In the absence of more information (prototypes or casts), C passes:

  • int, so char, short, unsigned char unsigned short are converted to int. It never passes a char, unsigned char, signed char, as a single byte, it always passes an int.
  • unsigned int is the same size as int so the value is passed without change

The compiler needs to decide how to convert the smaller value to an int.

  • signed values: the upper bytes of the int are sign extended from the smaller value, which effectively copies the top, sign bit, upwards to fill the int. If the top bit of the smaller signed value is 0, the upper bytes are filled with 0. If the top bit of the smaller signed value is 1, the upper bytes are filled with 1. Hence printf("%x ",*s) prints ffffffc2
  • unsigned values are not sign extended, the upper bytes of the int are 'zero padded'

Hence the reason C can call a function without a prototype (though the compiler will usually warn about that)
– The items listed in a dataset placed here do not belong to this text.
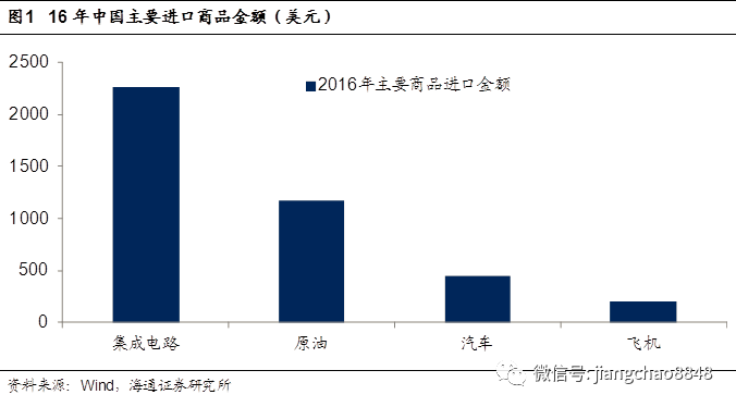 技术创新,进口替代。二是寻找技术创新、进口替代的机会。目前中国已经是全球第一大的汽车和手机市场,第二大航空市场、原油消费国,而在这些领域中国存在着大量的进口,16年光集成电路的进口金额就达到2200亿美元,原油进口额1165亿美元,汽车相关进口447亿美元,飞机进口204亿美元,这意味着包括集成电路、新能源、汽车、飞机等产业存在巨大的技术创新和进口替代的机会。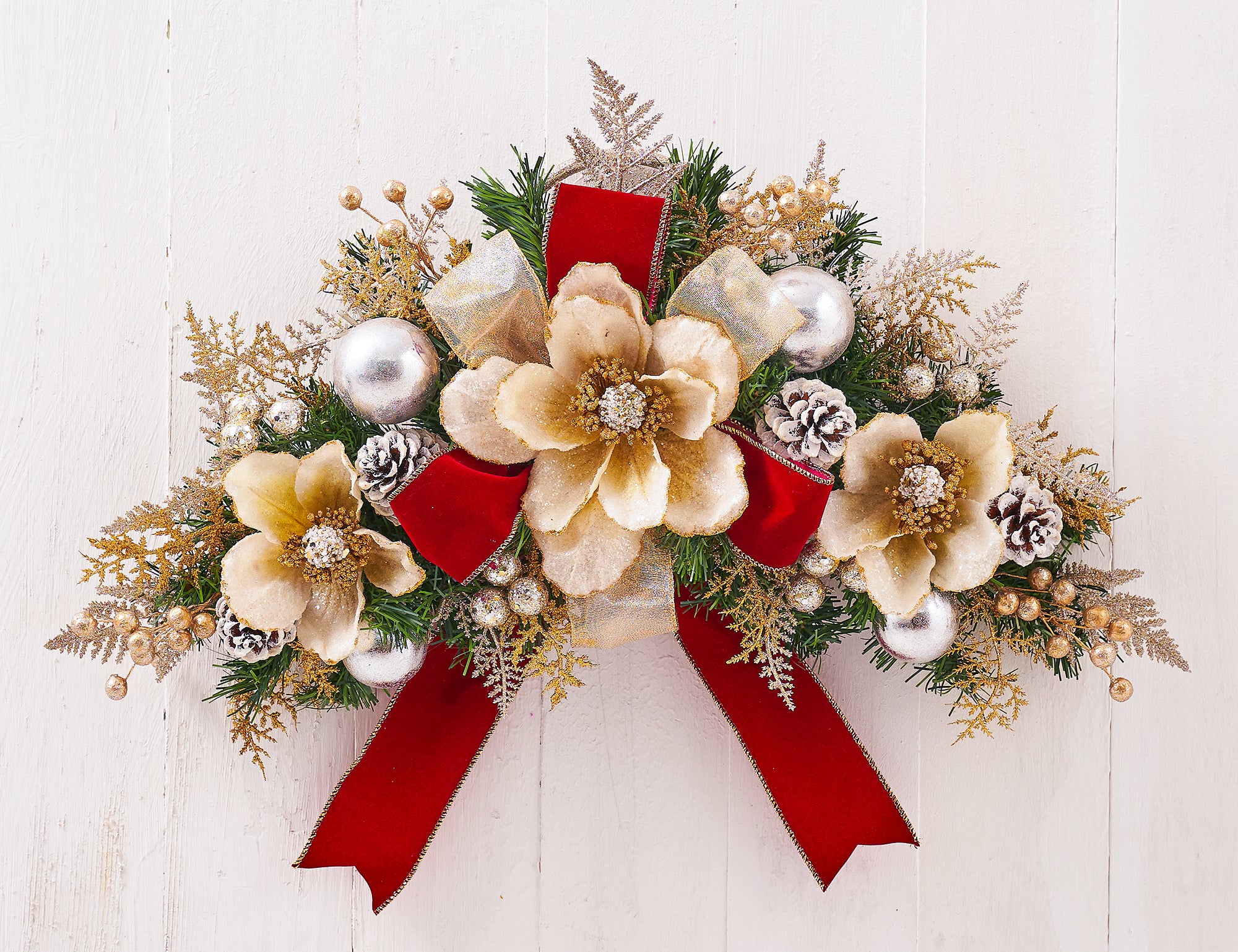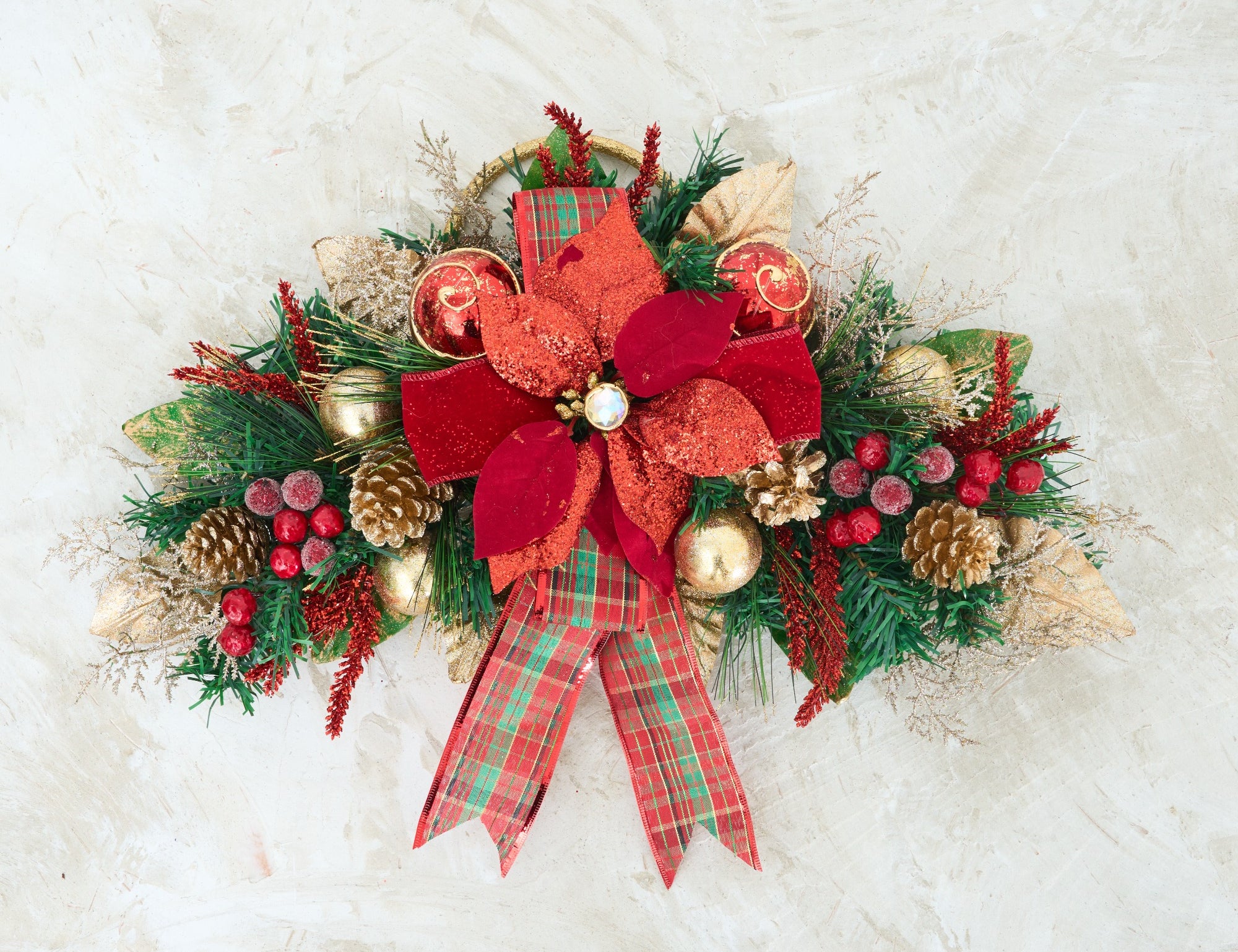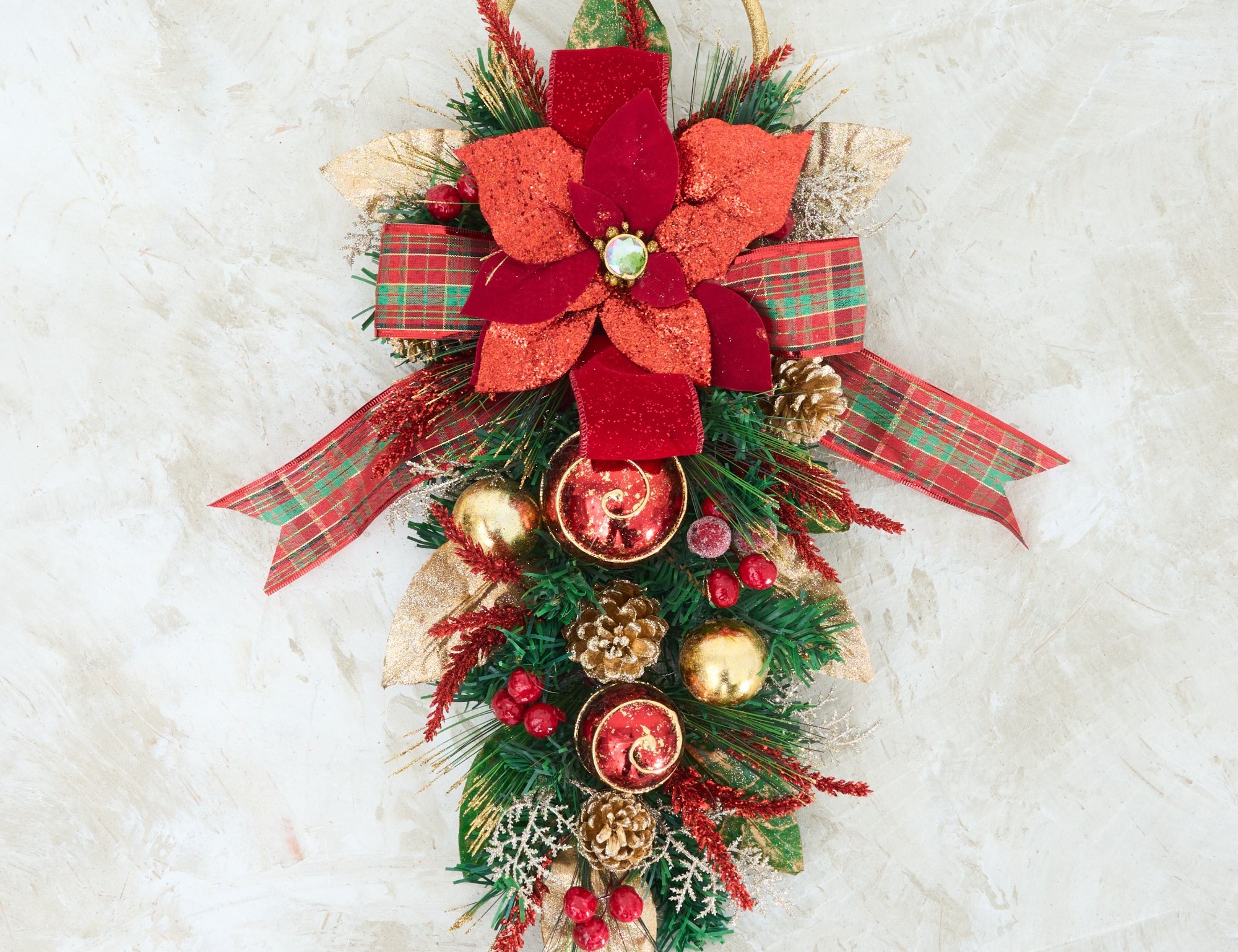 A teardrop swag is a versatile and elegant choice for holiday decoration. Whether you're looking for a classic Christmas teardrop swag to adorn your front door or seeking a unique teardrop Christmas swag to enhance your fireplace mantle, our collection offers an array of designs to suit every taste and decor style. Each teardrop swag is a masterpiece, featuring lush greenery, vibrant colors, and exquisite detailing that brings life to any space.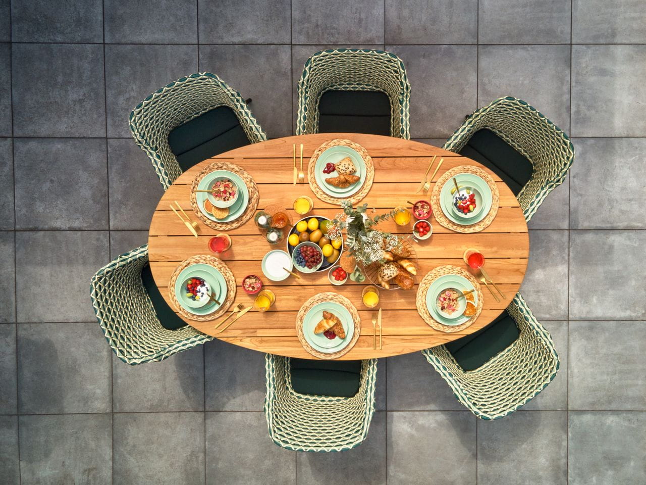 Nogi stołu, skrzyżowane na środku, nie tylko stanowią stabilne podparcie, ale również dodają unikalnego charakteru całej konstrukcji. Wykonane z aluminium, są odporne na warunki atmosferyczne, co gwarantuje trwałość mebla przez wiele sezonów.

So you can write, and expect this to run (though I would hope your compiler issues warnings):

/* Notice the include is 'removed' so the C compiler does default behaviour */
/* #include <stdio.h> */

int main (int argc, const char * argv[]) {
    signed char schar[] = "\x70\x80";
    unsigned char uchar[] = "\x70\x80";

    printf("schar[0]=%x schar[1]=%x uchar[0]=%x uchar[1]=%x\n", 
            schar[0],   schar[1],   uchar[0],   uchar[1]);
    return 0;
}

That prints:

schar[0]=70 schar[1]=ffffff80 uchar[0]=70 uchar[1]=80

The char value is interpreted by my (Mac's gcc) compiler as signed char, so the compiler generates code to sign extended the char to the int before the printf call.
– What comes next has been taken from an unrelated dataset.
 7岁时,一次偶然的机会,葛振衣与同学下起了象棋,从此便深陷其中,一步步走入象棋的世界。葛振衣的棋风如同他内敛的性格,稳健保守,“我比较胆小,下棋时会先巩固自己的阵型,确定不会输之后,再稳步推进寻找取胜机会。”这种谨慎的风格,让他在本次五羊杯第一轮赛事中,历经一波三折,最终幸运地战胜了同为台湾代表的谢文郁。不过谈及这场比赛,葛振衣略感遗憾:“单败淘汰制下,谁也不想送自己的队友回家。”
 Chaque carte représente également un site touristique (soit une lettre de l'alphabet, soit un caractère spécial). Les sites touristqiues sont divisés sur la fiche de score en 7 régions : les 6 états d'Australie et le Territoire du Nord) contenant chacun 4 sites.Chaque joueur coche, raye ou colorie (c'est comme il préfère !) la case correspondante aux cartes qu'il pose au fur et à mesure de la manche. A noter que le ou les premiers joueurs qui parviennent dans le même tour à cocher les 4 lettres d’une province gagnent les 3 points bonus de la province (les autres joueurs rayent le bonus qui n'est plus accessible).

Where the signed char value has its top (sign) bit set (\x80), the conversion to int sign extends the char value. The sign extension fills in the upper bytes (in this case 3 more bytes to make a 4 byte int) with 1's, which get printed by printf as ffffff80

Where the signed char value has its top (sign) bit clear (\x70), the conversion to int still sign extends the char value. In this case the sign is 0, so the sign extension fills in the upper bytes with 0's, which get printed by printf as 70

My example shows the case where the value is unsigned char. In these two cases the value is not sign extended because the value is unsigned. Instead they are extended to int with 0 padding. It might look like printf is only printing one byte because the adjacent three bytes of the value would be 0. But it is printing the entire int, it happens that the value is 0x00000070 and 0x00000080 because the unsigned char values were converted to int without sign extension.
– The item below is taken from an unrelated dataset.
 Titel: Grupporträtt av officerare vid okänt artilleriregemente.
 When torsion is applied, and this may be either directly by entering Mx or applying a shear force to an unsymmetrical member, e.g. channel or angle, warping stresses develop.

You can force printf to only print the low byte of the int, by using suitable formatting (%hhx), so this correctly prints only the value in the original char:

/* Notice the include is 'removed' so the C compiler does default behaviour */
/* #include <stdio.h> */

int main (int argc, const char * argv[]) {
    char schar[] = "\x70\x80";
    unsigned char uchar[] = "\x70\x80";

    printf("schar[0]=%hhx schar[1]=%hhx uchar[0]=%hhx uchar[1]=%hhx\n", 
           schar[0],   schar[1],   uchar[0],   uchar[1]);
    return 0;
}

This prints:

schar[0]=70 schar[1]=80 uchar[0]=70 uchar[1]=80

because printf interprets the %hhx to treat the int as an unsigned char. This does not change the fact that the char was sign extended to an int before printf was called. It is only a way to tell printf how to interpret the contents of the int.

In a way, for signed char *schar, the meaning of %hhx looks slightly misleading, but the '%x' format interprets int as unsigned anyway, and (with my printf) there is no format to print hex for signed values (IMHO it would be a confusing).

Sadly, ISO/ANSI/... don't freely publish our programming language standards, so I can't point to the specification, but searching the web might turn up working drafts. I haven't tried to find them. I would recommend "C: A Reference Manual" by Samuel P. Harbison and Guy L. Steele as a cheaper alternative to the ISO document.

HTH

4
votes

No. printf is a variable argument function, arguments to a variable argument function will be promoted to an int. And in this case the char was negative, so it gets sign extended.

1
votes

%x tells printf that the value to print is an unsigned int. So, it promotes the char to an unsigned int, sign extending as necessary and then prints out the resulting value.